Exploring Creativity, Inspiration, and Beyond

Editorial

Untitled, mixed media on canvas, 50 x 40 cm

Creativity.

Fueling Tomorrow's Vision with Today's Imagination

Inspiration

Igniting Minds, Illuminating Paths

Art

Elevating Life Through the Stroke of Creation

“Who dreamt
and made incarnate gaps in Time & Space
through images juxtaposed,
and trapped the archangel of the soul between 2 visual images
and joined the elemental verbs and set the noun
and dash of consciousness together
jumping with sensation of Pater Omnipotens Aeterna Deus
to recreate the syntax and measure of poor human
prose and stand before you speechless and intelligent and shaking with shame”

Allen Ginsberg, Howl and Other Poems

The Metaphysics of nature and the embodiment of the void in the work of Egkrateia Roumpou.

by: Iris Kritikou Archaeologist – Art Historian

Nature considered under all its aspects—as the concrete things of creation; in relation to the divine and human in the Incarnation; as a participant in the interplay between grace and freedom: It should not be surprising, then, that it is central to Dante’s Divine Comedy, a poetic microcosm of faith.

In the end, it is in Paradiso, the least read of the three canticles, which strikes many people as less concrete than the others, that we see the fullness of the grace-nature relation in all its spiritual and ontological depth.

The Divine Comedy, perhaps the most exciting religious poem ever written, was also the result of a deeply human view on the world transmitted through an imaginary rendering of one individual’s experience.

An almost boundless allegory of education based on man’s painstaking journey in search of salvation, linking the personal history of the individual with worldwide history of humankind and presenting this journey as a case in point for all people, as an exodus and a progress through the desert to the promised land.

It is essentially an archetypal story that concerns both individual and community transformation, as Mary Taylor notes in her article “The Sparkling of the Holy Ghost”: The Metaphysics of Nature and Grace in Dante’s Paradiso

As individual existence encounters the history of mankind, the ongoing and interlinked experience of life oscillating between the individual and the community condition, consistently standing up to a fear of the hereafter and people’s longing to manage to encounter and experience happiness on earth, their overall inability but also the – for very different reasons – momentary capacity to transcend everyday weakness, the longing and fragility in human nature that run through the Divine Comedy, rendering it timeless and penetratingly current to this day, also run through this present group of work by Egkrateia Roumpou, providing the viewer with the same compelling visionary propulsion.

Her abstract canvases pulsate with color and light, words, lines, paper embellishments, scars and cracks; they soar in a manner concise yet set out in high relief the intangible essence of human existence, the continuously alternating truth of life’s adventure, which here has been dug up, with visible marks and stigmata.

The capacity or not for human transformation through a confessional catharsis into something new and less corruptible.
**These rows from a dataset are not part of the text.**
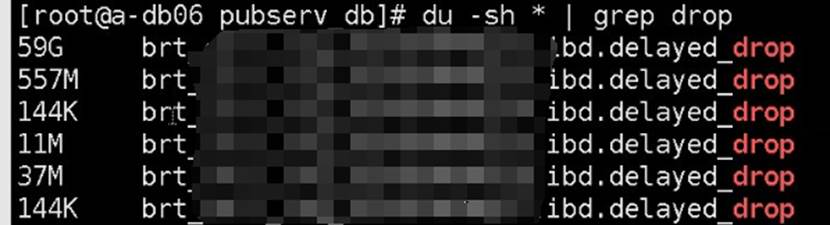 6、为何drop 表也释放不出来空间,这个到底是什么情况呢?在表存储目录下,看到表数据文件自动增加了“.delayed_drop”后缀。
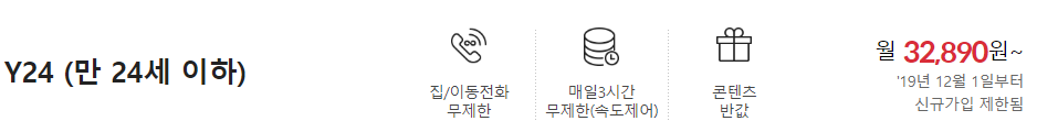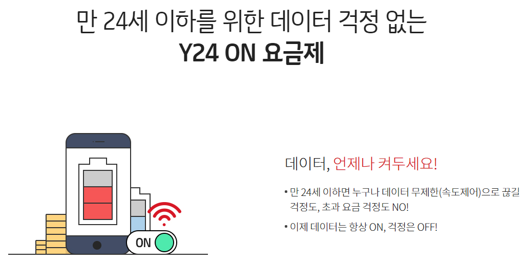 Y24 ON 요금제는 만 24세 미만 이용자만 가입할 수 있는 요금제입니다.
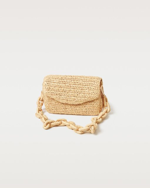 The Sunrise Bag will have you going places. The sturdy chain link strap is stunning and can be removed, converting a shoulder style to a clutch. This paper raffia flap purse is also big enough to hold your essentials such as keys, small wallet and phone. Paper Raffia Shoulder Bag Paper Raffia Wrap Chain Loop Strap Material: Paper Raffia Style #LSSUN25
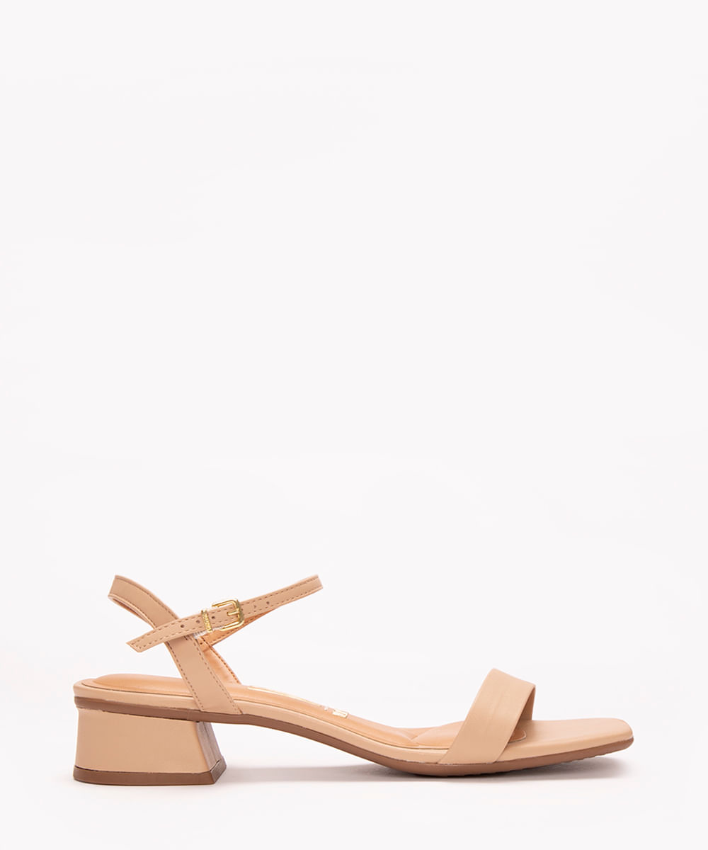 Sandália desenvolvida em material sintético com aspecto de couro. A peça possui bico quadrado, cabedal com uma tira fina e fechamento por fivela com níveis de ajuste. Palmilha macia, salto baixo e solado emborrachado.
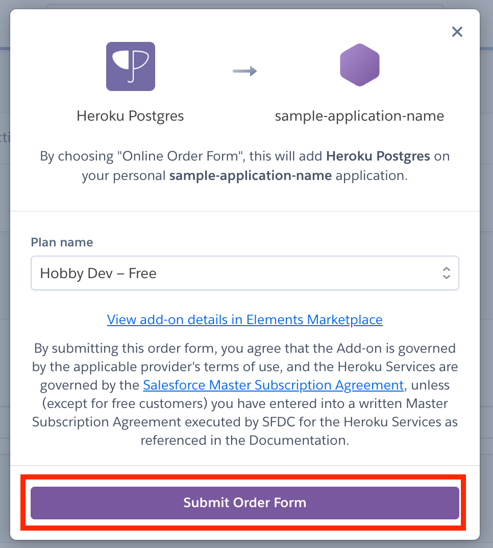 このようなモーダルが出てくるのでそのまま「Submit Order Form」をクリック。
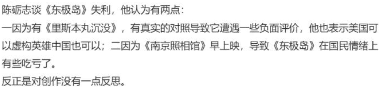 离谱的是,当时现场还有不少电影人没有意识到问题,例如陈砺志说《东极岛》票房扑街,竟然责怪起了《南京照相馆》,说《南京照相馆》利用国民情绪↓
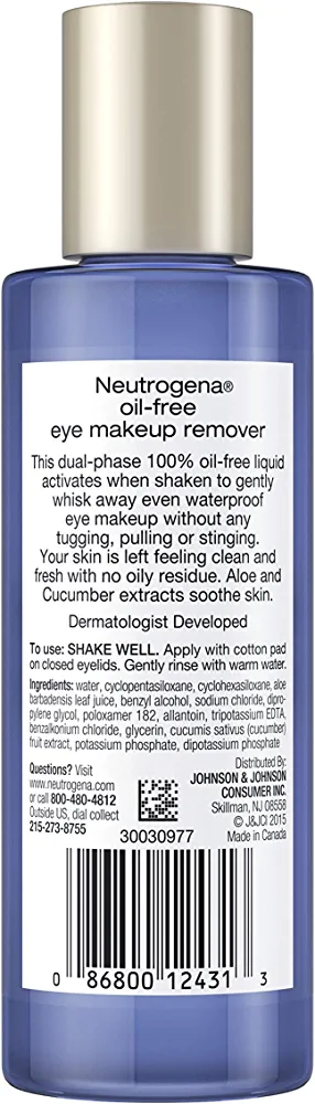 | nameOriginal | Neutrogena Oil-Free Liquid Eye Makeup Remover, Residue-Free, Non-Greasy, Gentle & Skin-Soothing Makeup Remover Solution with Aloe & Cucumber Extract for Waterproof Mascara, 3.8 fl. oz |
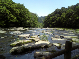 ここは、国の天然記念物になってる「甌穴」という場所です。

A personal experience of the world through a palimpsest of circular knowledge but also traces of personal traumatic experience.

The process of sublimation and transformation through the courageous act of painting, which sets aside any cosmetic safety valve, narrates a personal experience of the world in a manner both spare and incarnate.

This condition of confusion and of a penetrating sense of loss, which in Roumpou’s instinctual painting is interrupted occasionally by fragments of self-awareness made flesh; the constantly changing propelling motion of the paintbrush, which, running through various historical and mental episodes, charges with courage through the labyrinth of the mind and the far reaches of the gaze, through their own honest energized and confessional process, forming simultaneously the manner and the locus for rescue.

A new locus of refuge from the Abyss, a tangible form that renders individual niches of truth into universal catharsis.

The vision of the world in Roumpou’s painting, continuously pulsating with gesture and matter, with cries and whispers, with triumphs and disasters, with visualisations and internal vibrations, constitutes a painstaking pledge of creation and primordial action, both individual and collective.

A burden of expectation and consolation in the loneliness of the world, “a small pine tree in the red earth” of nowhere. A rudimentary manner of divesting oneself of the excess and underlining what is precious; a handmade empirical, syllabic tangible alphabet, in uncertain times. A vocal improvisation with nonsense syllables that are passwords for the existence of ways of reading, notes and words that are interwoven inherently – body to body – into the painter’s canvas. And, most importantly, a timeless sensorial and spiritual vehicle for freedom in the unexplored interstices between the visible and the invisible.

A brave return to Beckett’s lambently painful Failure, the swirling eddies, the turn inward and the final Exodus in Crave. In the Purgatory of the mind and the universal mould of genesis and the world that continues to dash us down into darkness and lift us up into the light.